I've never used the Command Line Shell. Is it similar to Windows' dos//cmd window?
I've just taken a quick look at the CLS link you provided, which incidentally shows defining a column as an int in its little example which lends credence to the DBeaver as culprit theory ...
One thing I didn't see was how to acquired the Shell, I presume because it's assumed I already have it. I acquired SQLite via NuGet through Microsoft's Visual Studio so I'm not sure what all is bundled in the Library but I don't recall any mention of a Shell. If you'd point me in the right direction for acquiring/accessing the Shell I'd be glad to run a quick test some time in the next couple of days.
(10) By Donald Griggs (dfgriggs) on 2022-09-12 16:16:50 in reply to 9 [link] [source]
Hi, Art,
From the front page of sqlite.org you'll see a "Download" button.

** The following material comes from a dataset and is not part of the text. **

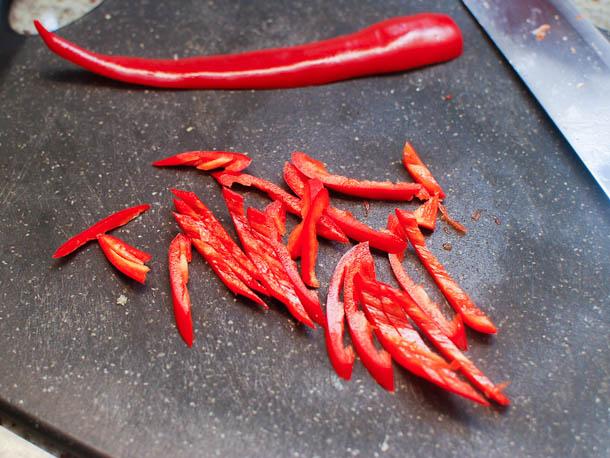 Next, you'll want to prepare the aromatics for the flavor base, in this case garlic, scallions, and red chilies. Fresh chilies are more common in Hunan cooking, and therefore are what I use here. I also like to stay true to Hunan's spicy flavor profile, and include the chilies' seeds to make sure I don't lose any of the heat they pack (for those sensitive to spicy foods, discarding the seeds is an option, though the dish will lose some of its impact).

From that page, look for "Precompiled Binaries for Windows" The third item will be "A bundle of command-line tools..."
The sqlite3.exe file within that bundle is self-contained. From a windows command prompt, just enter sqlite3 followed by your database filespec.
(11.2) By Art H (ahansen) on 2022-09-14 05:38:31 edited from 11.1 in reply to 10 [link] [source]
Guess I was intimidated by all those "binary" titles when I checked the downloads page yesterday ...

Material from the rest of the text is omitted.